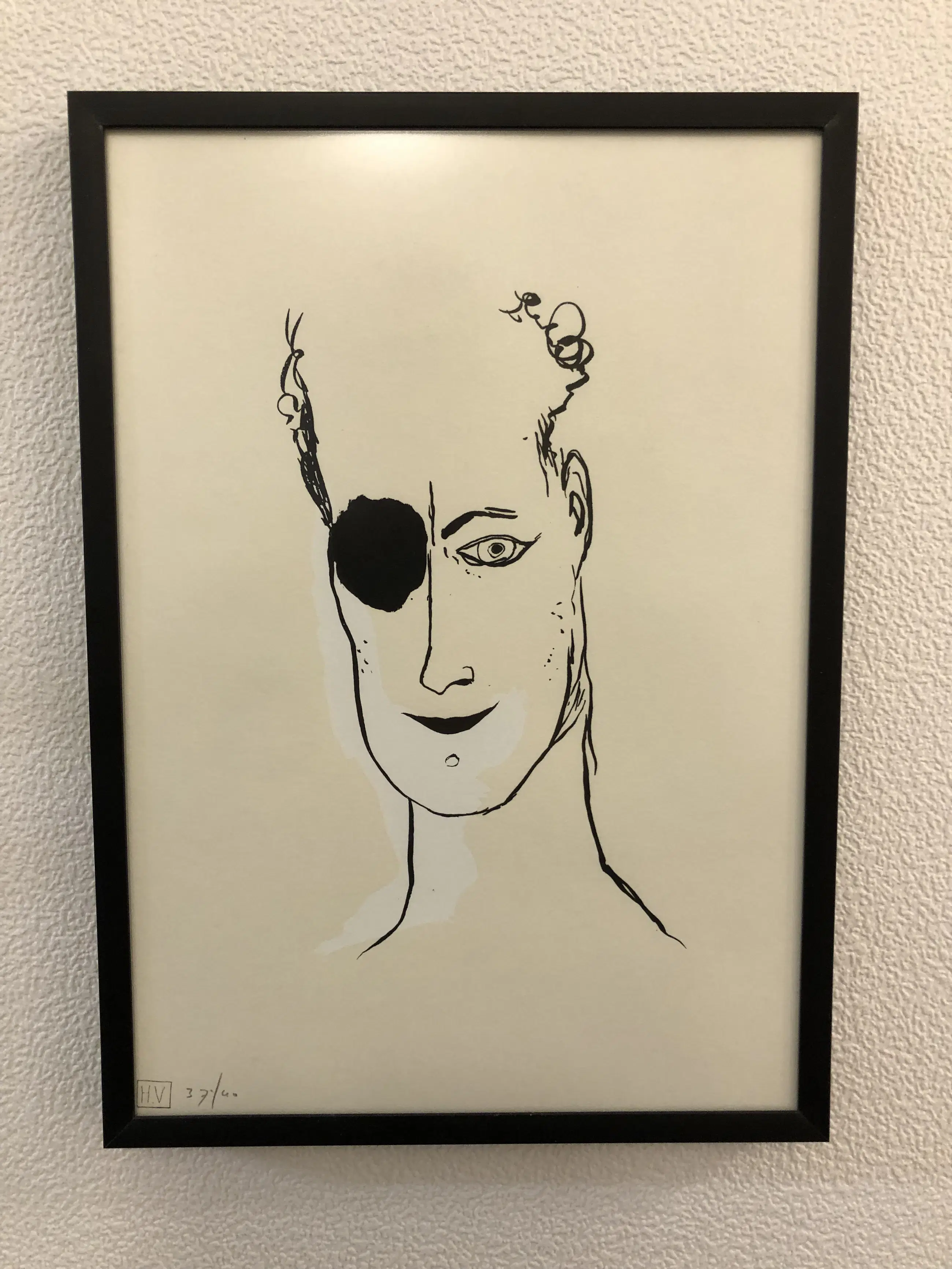 Klein portret van Henk Visch op A-vier formaat (21 x 29,7 cm). Linksonder gesigneerd en genummerd: 37 van oplage 40. Maakt deel uit van een reeks van 12 portretten uit 1995 met de titel To You. Het papier is geler dan op sommige foto's te zien is, maar daardoor steken de witte plekken beter af (wat waarschijnlijk de bedoeling was van de kunstenaar). Verzending in overleg of afhalen in Maastricht.
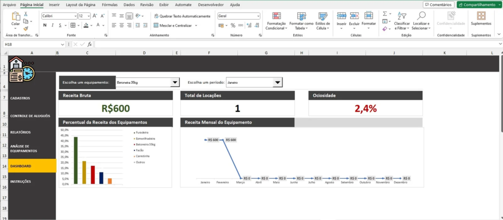 Entender quais equipamentos são mais rentáveis é essencial. Com os relatórios da planilha, é possível identificar os itens com melhor desempenho.
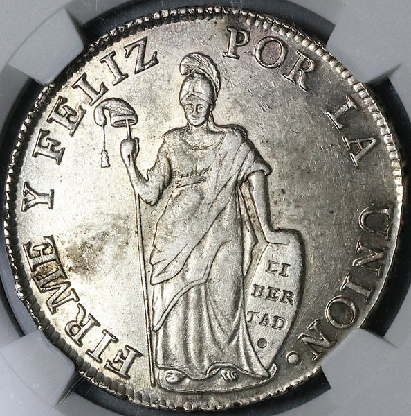 Almost Uncirculated Peru silver 8 reales standing liberty coin.
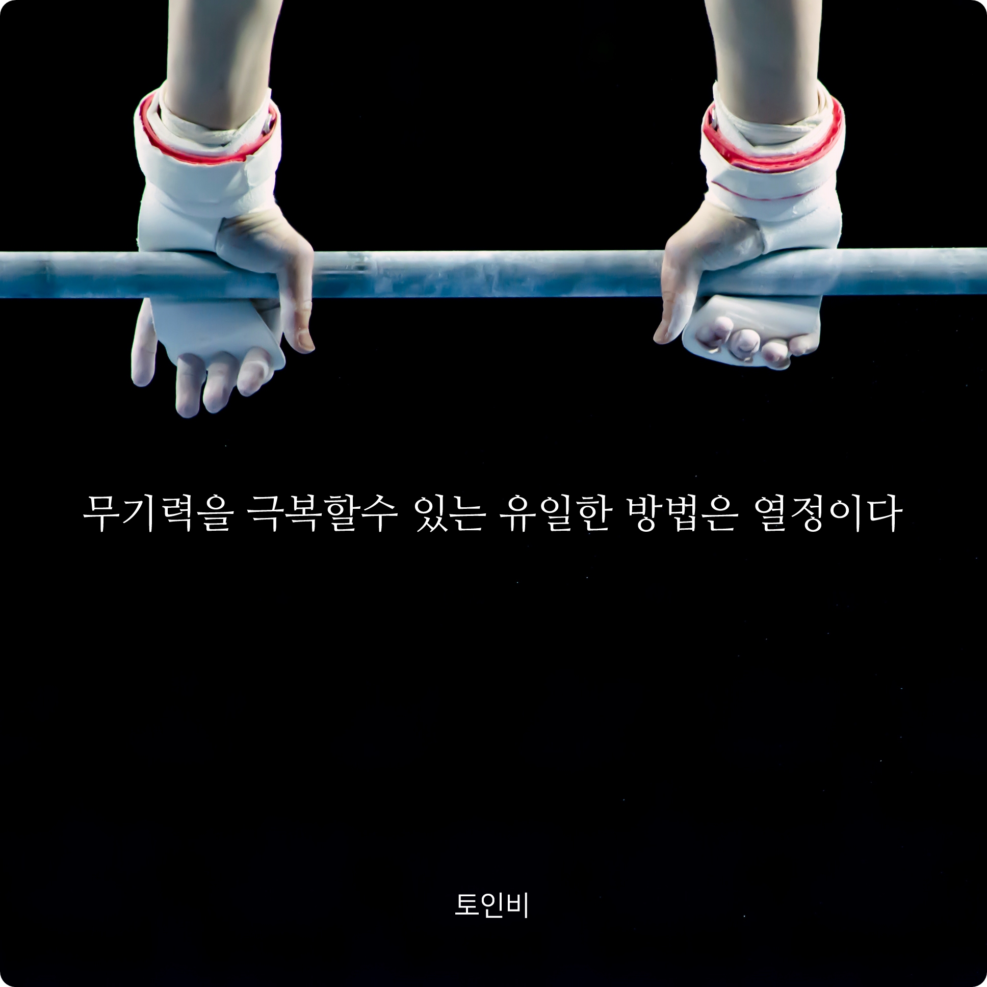 제가 좋아하는 토인비의 명언인데요. 저도 평소에 무기력을 종종 느끼고 있는 편이라 이런 무기력 증상이 보일때에는 이 명언을 떠올리곤 합니다. 하지만 더 중요한 것은 내가 열정적으로 보낼 수 있는 일을 하는 것이겠죠? 나는 열정적인게 아닌데 다른 사람들은 나를 보고 저 사람 참 열정적이다! 라고 생각이 들만큼 말이죠.
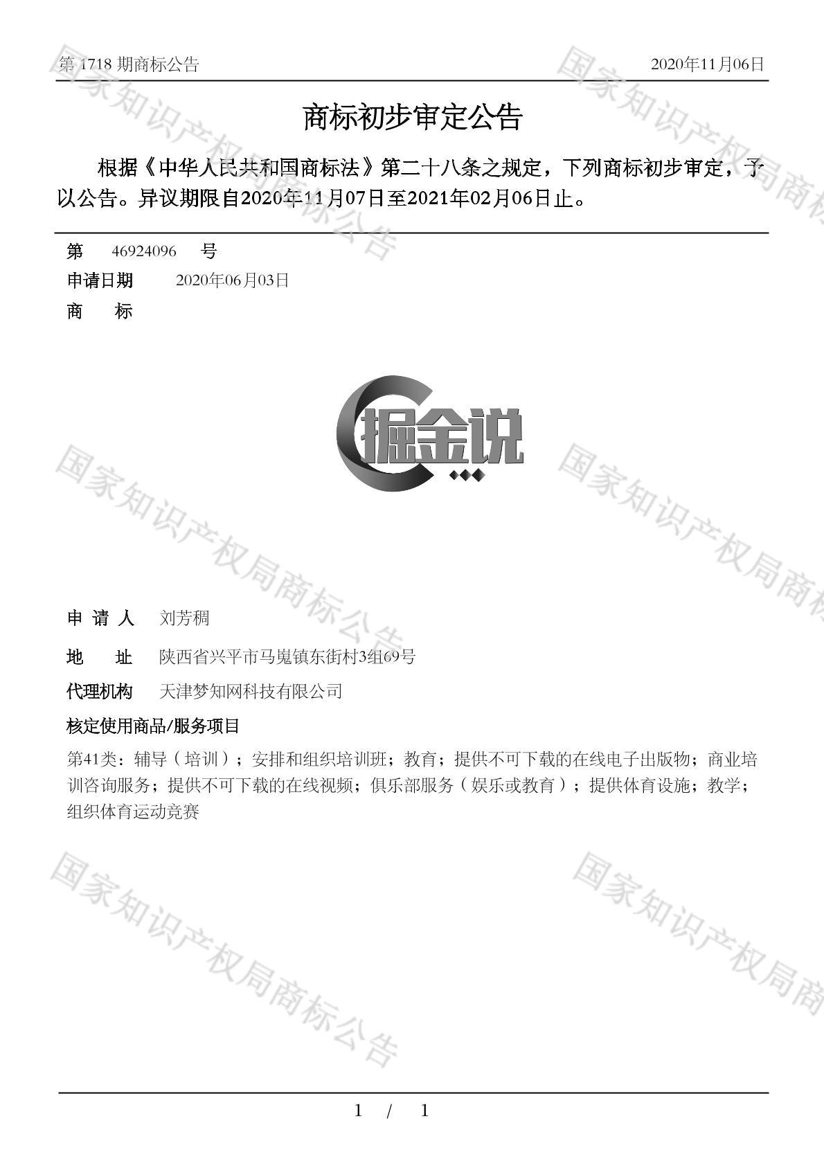 初审公告日期:2020-11-06
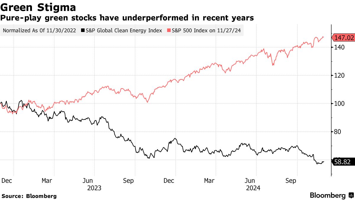 这是一个在气候金融日益紧张的背景下进行的对话。近年来,纯绿色投资如太阳能和风能在很大程度上被证明是一个失败的赌注, S&P全球清洁能源指数自2023年初以来下跌了近40%。在同一时期, S&P 500指数上涨了超过50%。
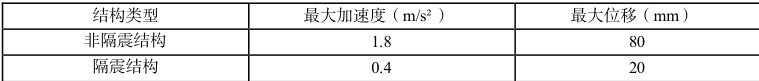 例如:某医院的建筑面积为 15000 平方米,对抗震要求较高,因此在结构设计阶段采用了基础隔震技术。结合医院的结构特点,在建筑基础与上部结构间设置了 60 个橡胶隔震支座。利用相关软件测试了隔震结构与非隔震结构的地震反应,如表 1 人们发现隔震结构的地震加速度、位移数据小于非隔震结构。这表明基础隔震技术能够在地震有效保护医院的安全。
◆ ◆ ◆ ◆
> _Work instruction_: Return every entry word for word, but drop any pictures.

> _Answer to this problem_:
 Klein portret van Henk Visch op A-vier formaat (21 x 29,7 cm). Linksonder gesigneerd en genummerd: 37 van oplage 40. Maakt deel uit van een reeks van 12 portretten uit 1995 met de titel To You. Het papier is geler dan op sommige foto's te zien is, maar daardoor steken de witte plekken beter af (wat waarschijnlijk de bedoeling was van de kunstenaar). Verzending in overleg of afhalen in Maastricht.
 Entender quais equipamentos são mais rentáveis é essencial. Com os relatórios da planilha, é possível identificar os itens com melhor desempenho.
 Almost Uncirculated Peru silver 8 reales standing liberty coin.
 제가 좋아하는 토인비의 명언인데요. 저도 평소에 무기력을 종종 느끼고 있는 편이라 이런 무기력 증상이 보일때에는 이 명언을 떠올리곤 합니다. 하지만 더 중요한 것은 내가 열정적으로 보낼 수 있는 일을 하는 것이겠죠? 나는 열정적인게 아닌데 다른 사람들은 나를 보고 저 사람 참 열정적이다! 라고 생각이 들만큼 말이죠.
 初审公告日期:2020-11-06
 这是一个在气候金融日益紧张的背景下进行的对话。近年来,纯绿色投资如太阳能和风能在很大程度上被证明是一个失败的赌注, S&P全球清洁能源指数自2023年初以来下跌了近40%。在同一时期, S&P 500指数上涨了超过50%。
 例如:某医院的建筑面积为 15000 平方米,对抗震要求较高,因此在结构设计阶段采用了基础隔震技术。结合医院的结构特点,在建筑基础与上部结构间设置了 60 个橡胶隔震支座。利用相关软件测试了隔震结构与非隔震结构的地震反应,如表 1 人们发现隔震结构的地震加速度、位移数据小于非隔震结构。这表明基础隔震技术能够在地震有效保护医院的安全。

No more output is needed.